第55話 瑞樹の心配と、茜の心配

 瑞樹は風邪で寝込んでしまっている間宮の元へ駆けつける為に、一緒に神楽優希のライブを楽しんだ仲間達より先に、電車の飛び乗った。

 ライブ会場から電車でA駅に向かう為には、何度か乗り換える必要がある。

 会場へ向かう時は、そんな道のりなんて気にしなかった瑞樹だったが、一刻も早く駆け付けたい場所がある今の瑞樹にとって、この回り込むように走る電車のルートに苛立ちを覚えた。
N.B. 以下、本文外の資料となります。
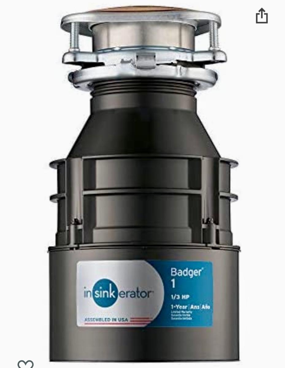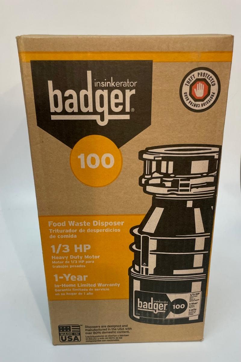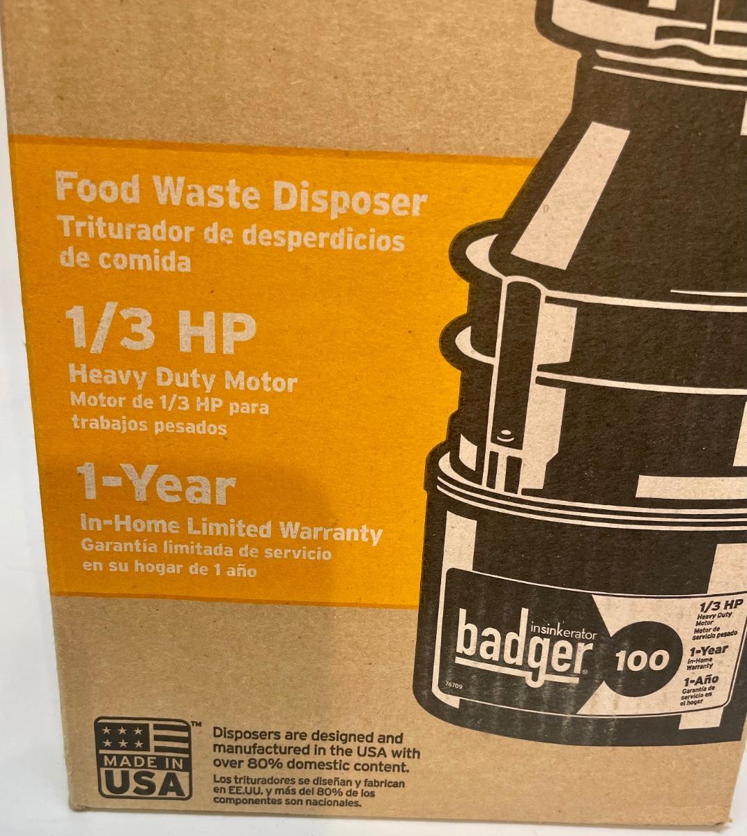 New in box 1/3 HP garbage disposer. Badger 100 model. Made in USA.

 シートは空いていたのだが、一秒でも早くという思いの瑞樹はすぐに降りられるようにと、ドア付近で電車が止まるのを待ち構えてる。

 ふと、待ち合わせ場所から送っていた間宮へのメッセージの事が気になり、スマホを立ち上げてみたのだが、送ったメッセージの脇につくはずの既読マークが未だについていない。
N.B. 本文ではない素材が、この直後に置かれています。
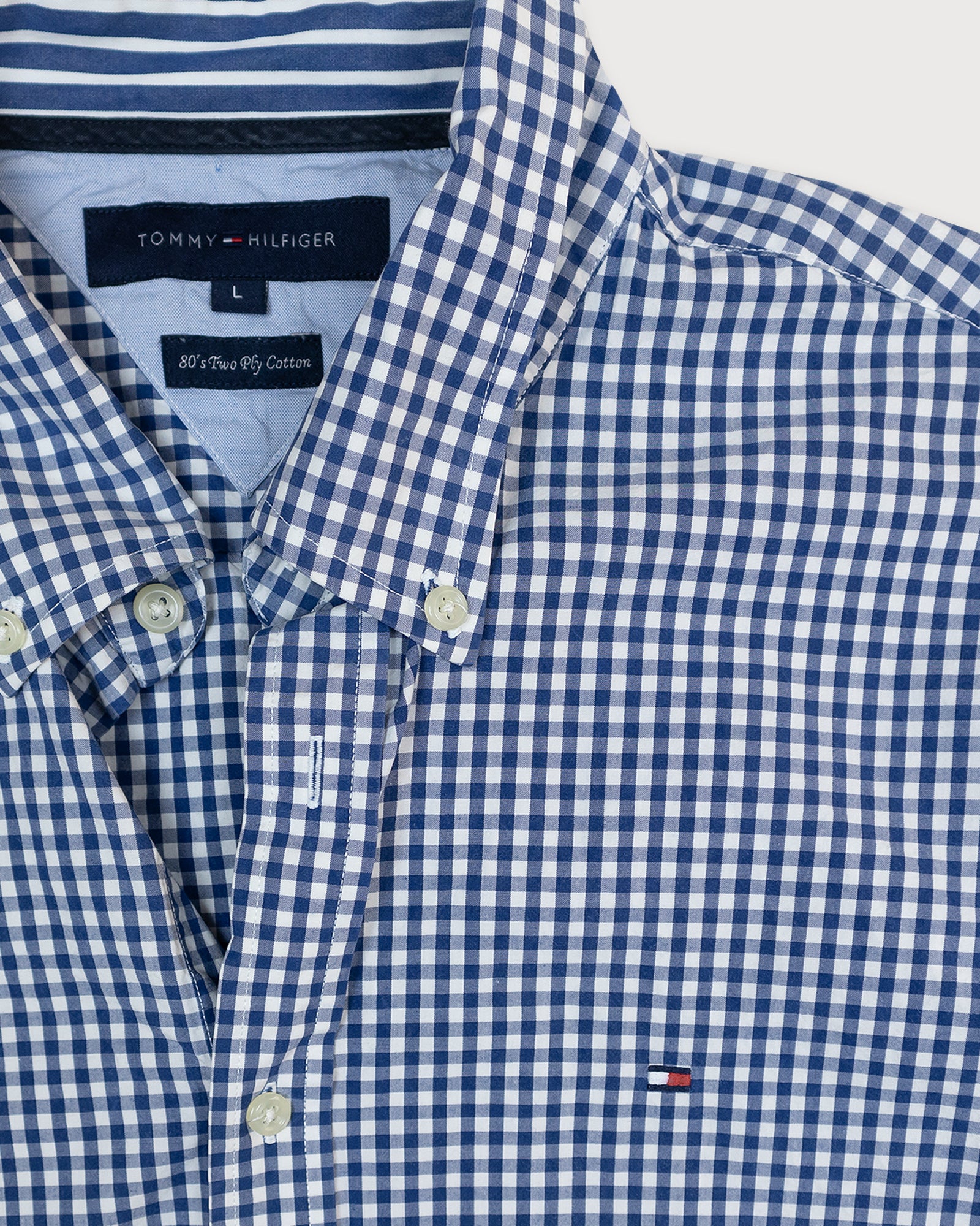 Camisa Tommy Hilfiger, manga larga, estampado cuadros azules y blancos

 やはり嫌な予感が当たっていると確信した瑞樹は再び何件か送信してみたのだが、乗り換える駅に到着するまでも既読がつく事はなかった。

 乗り換えの為に次のホームへ向かっている最中に、今度は電話をかけてみたのだが、10回近くコール音がした後、お決まりのガイダンスが流れるだけで間宮の声が聞けなかくて益々不安が募っていく。


 最後の乗り換えを済ませて、後はA駅に到着するのを待つだけとなった頃、沈黙を守っていた瑞樹のスマホが震えた。

 間宮からかと慌ててスマホを立ち上げて、トークアプリに意識を向けたのだが、通知マークがついていたのは加藤のアイコンだった。

 肩を落としながら内容を見ると、間宮の具合はどうだったと体調を心配しているものだったが、瑞樹はまだ着いていなくて連絡もとれていない事を返信して、すぐにスマホを仕舞った。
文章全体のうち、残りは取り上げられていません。